Instruments with certain par prepayment features

Or debt instruments with prepayment features that give rise to compensation being paid to the party triggering the possibility to be measured at amortised cost or fair value through other

comprehensive income (FVOCI) in certain circumstances.

If a financial asset would otherwise meet the SPPI test, but fails to do so only as a result of a contractual term that permits or requires prepayment before maturity, or permits or requires the holder to put the instrument back to the issuer, then the asset can be measured at amortised cost or FVOCI if:

  • the relevant business model test is satisfied;
  • the entity acquired or originated the financial asset at a premium or discount to the contractual par amount;
  • the prepayment amount substantially represents the contractual par amount and accrued (but unpaid) contractual interest, which may include reasonable compensation for early termination; and
  • on initial recognition of the financial asset, the fair value of the prepayment feature is insignificant. [IFRS 9 B4.1.12]

Reasoning behind the par prepayment exception

The IASB decided to provide this narrow-scope exception because it was persuaded by the feedback that amortised cost would provide useful and relevant information for certain financial assets that would otherwise fail the SPPI test. The Board gives the following examples:

  • purchased credit-impaired assets acquired at a deep discount to par; and
  • financial assets originated at below-market rates – e.g. a loan provided to a customer as a marketing incentive such that the loan’s fair value at initial recognition is significantly below the contractual par amount advanced.

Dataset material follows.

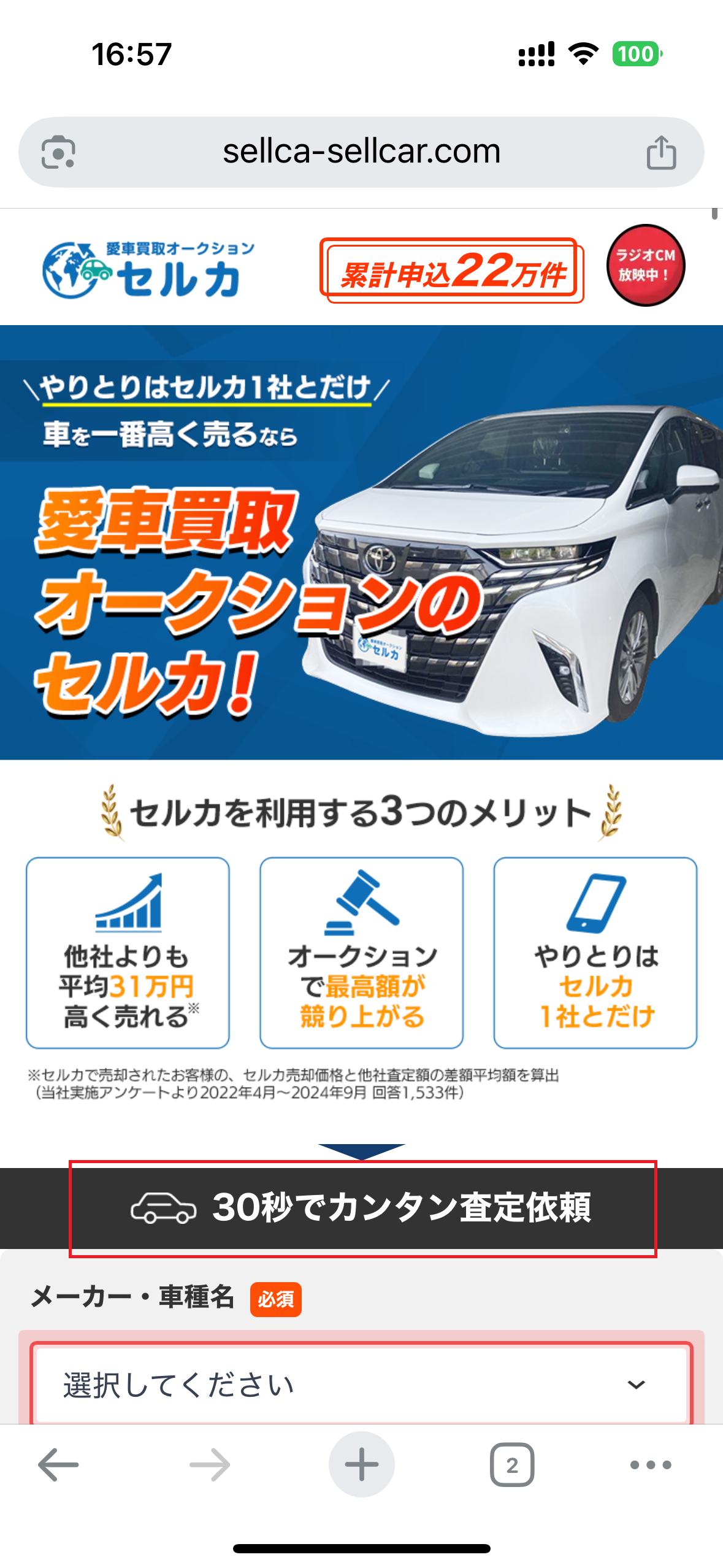 少しでも高値で売れるならと、どんな車も査定できるセルカを利用してみました。

In these cases, the borrower may have the contractual ability to prepay at par, but the contractual prepayment feature would have an insignificant fair value as it is very unlikely that a prepayment will occur. In the first example, the prepayment is very unlikely because the financial asset is impaired and so the borrower is unlikely to have funds from which it could prepay the asset. In the second example, it is very unlikely that the customer will choose to prepay, because the interest rate is below-market and the financing is advantageous. Consequently, the amount at which the loan can be prepaid does not introduce variability that is inconsistent with a basic lending arrangement. [IFRS 9 BC4 193–194]

These examples discuss circumstances in which a financial asset is originated or purchased at a discount to the par amount. However, the IASB noted that its rationale for the exception is equally relevant for assets that are originated or purchased at a premium. Possible examples might include:

  • a fixed-rate bond that is acquired at a substantial premium to par, but which is prepayable at par only at the option of the holder;
  • a bond that is acquired at a substantial premium to par but which is prepayable at the option of the issuer only in the event of a specified change in tax law that is considered very unlikely.